*INPUT DATA*.

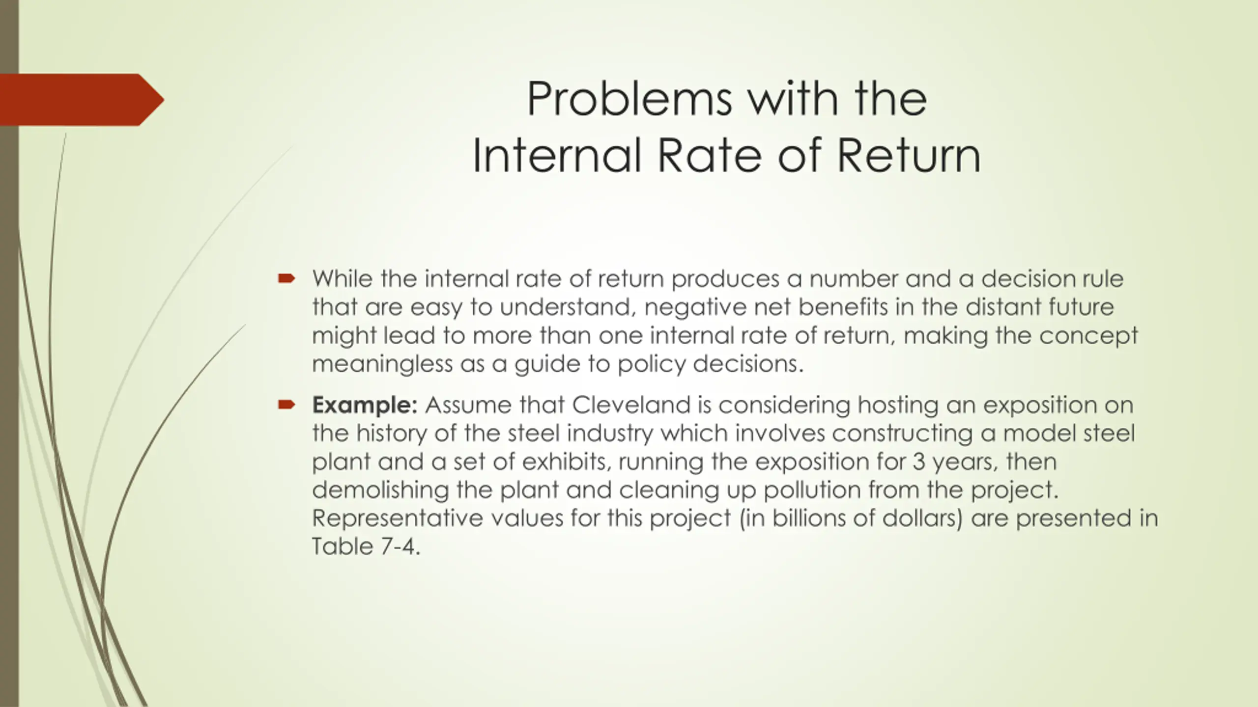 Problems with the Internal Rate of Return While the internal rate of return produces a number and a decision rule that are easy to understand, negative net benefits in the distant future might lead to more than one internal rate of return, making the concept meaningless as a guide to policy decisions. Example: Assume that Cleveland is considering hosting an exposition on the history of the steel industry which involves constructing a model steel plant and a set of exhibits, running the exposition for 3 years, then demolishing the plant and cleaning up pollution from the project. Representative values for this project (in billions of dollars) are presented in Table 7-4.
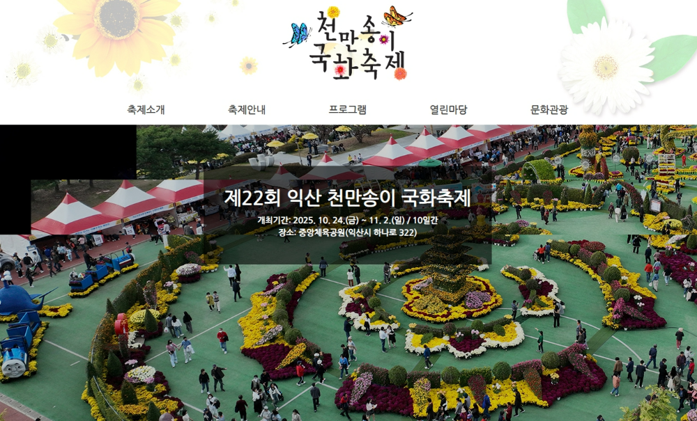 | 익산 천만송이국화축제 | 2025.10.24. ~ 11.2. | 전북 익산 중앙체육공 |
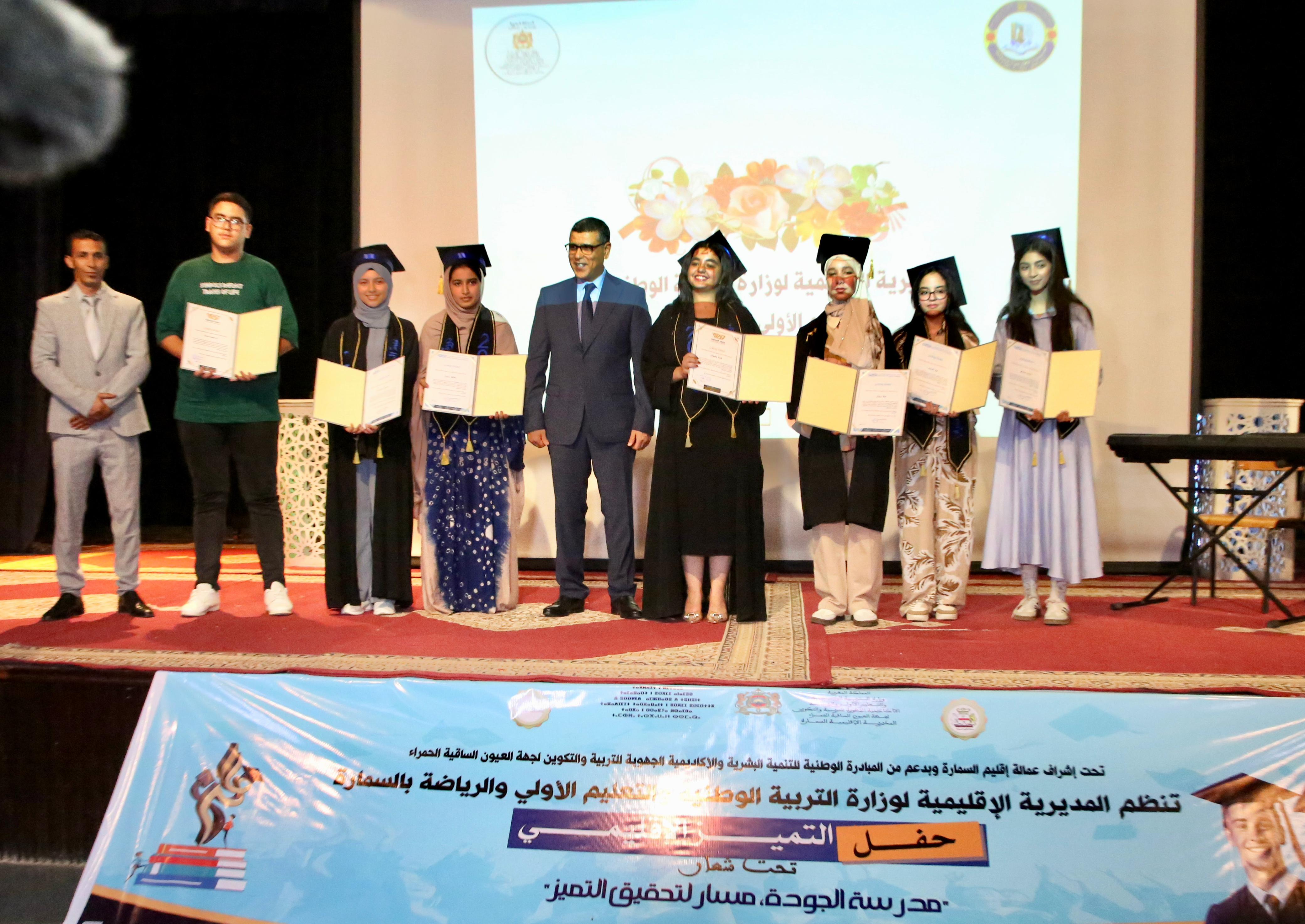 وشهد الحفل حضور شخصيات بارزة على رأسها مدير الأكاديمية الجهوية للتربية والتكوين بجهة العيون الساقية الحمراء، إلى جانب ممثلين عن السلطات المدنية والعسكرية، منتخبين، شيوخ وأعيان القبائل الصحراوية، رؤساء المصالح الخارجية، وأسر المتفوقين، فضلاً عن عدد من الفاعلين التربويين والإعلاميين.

*TASK ITEM*.
Repeat each line word for word, from the one with "전북 익산 중앙체육공 |" down to the last line of the data, and keep the pictures out of it.

*SOLVED EXERCISE*.
 | 익산 천만송이국화축제 | 2025.10.24. ~ 11.2. | 전북 익산 중앙체육공 |
 وشهد الحفل حضور شخصيات بارزة على رأسها مدير الأكاديمية الجهوية للتربية والتكوين بجهة العيون الساقية الحمراء، إلى جانب ممثلين عن السلطات المدنية والعسكرية، منتخبين، شيوخ وأعيان القبائل الصحراوية، رؤساء المصالح الخارجية، وأسر المتفوقين، فضلاً عن عدد من الفاعلين التربويين والإعلاميين.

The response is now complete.